Only db commit on requests that change the database

webapp/titanembeds/app.py

@@ -29,7 +29,6 @@ app.config['SQLALCHEMY_TRACK_MODIFICATIONS'] = False  # Suppress the warning/no
 app.config['RATELIMIT_HEADERS_ENABLED'] = True
 app.config['SQLALCHEMY_POOL_RECYCLE'] = 100
 app.config['SQLALCHEMY_POOL_SIZE'] = 15
-app.config['SQLALCHEMY_COMMIT_ON_TEARDOWN'] = True
 app.config['RATELIMIT_STORAGE_URL'] = config["redis-uri"]
 app.config['PERMANENT_SESSION_LIFETIME'] = timedelta(days=3)
 app.config['REDIS_URL'] = config["redis-uri"]

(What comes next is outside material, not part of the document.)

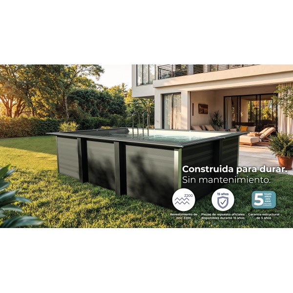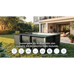 Piscina rectangular de 466X326X124 con paneles de composite , liner liso azul 60/100, escalera inox y composite, filtracion 4.000 l/h, skimmer y manta protectora de suelo.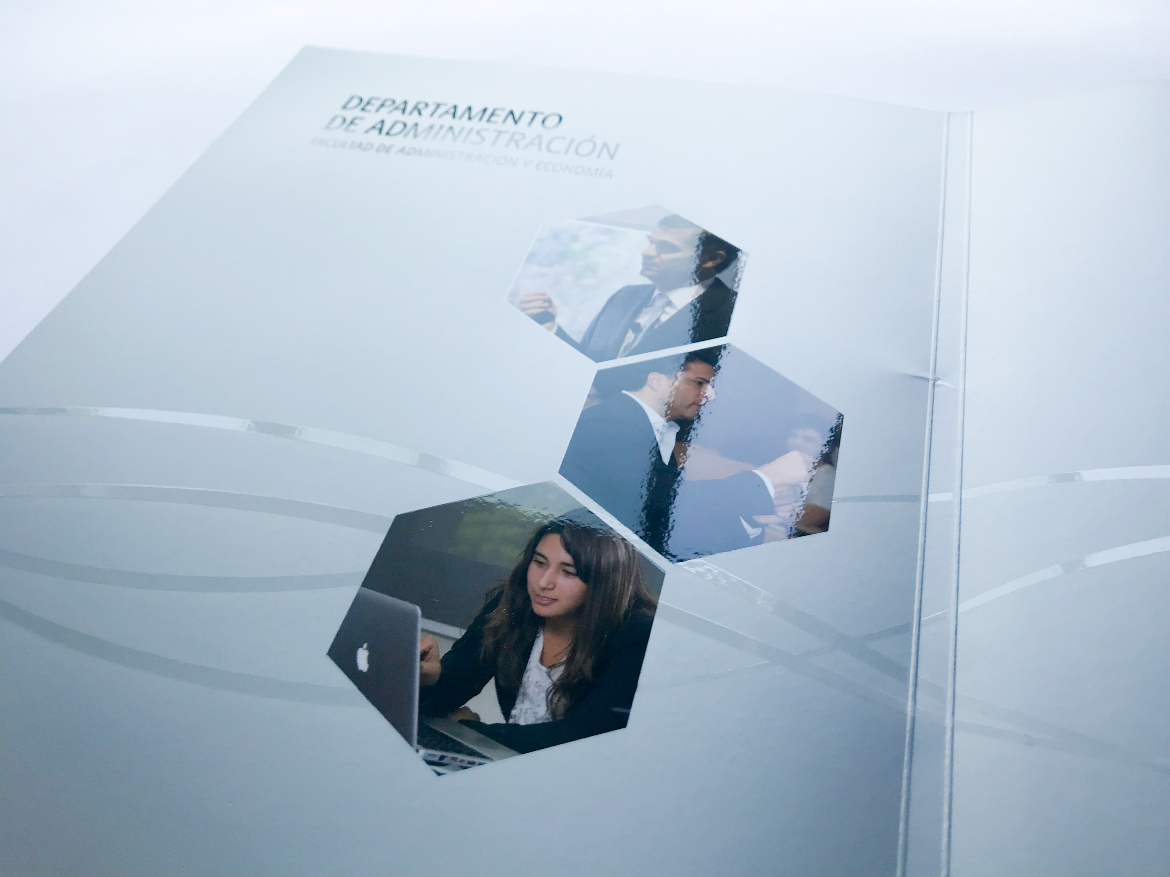 Desarrollo de carpeta por encargo del Departamento de administración de la Facultad de Administración y Economía, Universidad de Santiago de Chile. Para el desarrollo de la carpeta se realizaron terminaciones de barniz brillante con reserva uv.

webapp/titanembeds/blueprints/admin/admin.py

@@ -68,6 +68,7 @@ def cosmetics_post():
             badges = []
         user.badges = json.dumps(badges)
     db.session.add(user)
+    db.session.commit()
     return ('', 204)
 
 @admin.route("/cosmetics", methods=["DELETE"])
@@ -80,6 +81,7 @@ def cosmetics_delete():
     if not entry:
         abort(409)
     db.session.delete(entry)
+    db.session.commit()
     return ('', 204)
 
 @admin.route("/cosmetics", methods=["PATCH"])
@@ -108,6 +110,7 @@ def cosmetics_patch():
         if badges == [""]:
             badges = []
         entry.badges = json.dumps(badges)
+    db.session.commit()
     return ('', 204)
     
 def prepare_guild_members_list(members, bans):
@@ -204,6 +207,7 @@ def update_administrate_guild(guild_id):
     if guest_icon != None and guest_icon.strip() == "":
         guest_icon = None
     db_guild.guest_icon = guest_icon
+    db.session.commit()
     emit("guest_icon_change", {"guest_icon": guest_icon if guest_icon else url_for('static', filename='img/titanembeds_square.png')}, room="GUILD_"+guild_id, namespace="/gateway")
     return jsonify(
         guild_id=db_guild.guild_id,
@@ -262,6 +266,7 @@ def post_titan_tokens():
     if get_titan_token(user_id) != -1:
         abort(409)
     set_titan_token(user_id, amount, "NEW VIA ADMIN [{}]".format(str(reason)))
+    db.session.commit()
     return ('', 204)
 
 @admin.route("/tokens", methods=["PATCH"])
@@ -275,6 +280,7 @@ def patch_titan_tokens():
     if get_titan_token(user_id) == -1:
         abort(409)
     set_titan_token(user_id, amount, "MODIFY VIA ADMIN [{}]".format(str(reason)))
+    db.session.commit()
     return ('', 204)
 
 @admin.route("/disabled_guilds", methods=["GET"])
@@ -290,6 +296,7 @@ def post_disabled_guilds():
         abort(409)
     guild = DisabledGuilds(guild_id)
     db.session.add(guild)
+    db.session.commit()
     return ('', 204)
 
 @admin.route("/disabled_guilds", methods=["DELETE"])
@@ -300,6 +307,7 @@ def delete_disabled_guilds():
         abort(409)
     guild = db.session.query(DisabledGuilds).filter(DisabledGuilds.guild_id == guild_id).first()
     db.session.delete(guild)
+    db.session.commit()
     return ('', 204)
 
 @admin.route("/custom_css", methods=["GET"])
@@ -344,6 +352,7 @@ def edit_custom_css_post(css_id):
     dbcss.css = css
     dbcss.css_variables = variables
     dbcss.css_var_bool = variables_enabled
+    db.session.commit()
     return jsonify({"id": dbcss.id})
     
 @admin.route("/custom_css/edit/<css_id>", methods=["DELETE"])
@@ -353,6 +362,7 @@ def edit_custom_css_delete(css_id):
     if not dbcss:
         abort(404)
     db.session.delete(dbcss)
+    db.session.commit()
     return jsonify({})
 
 @admin.route("/custom_css/new", methods=["GET"])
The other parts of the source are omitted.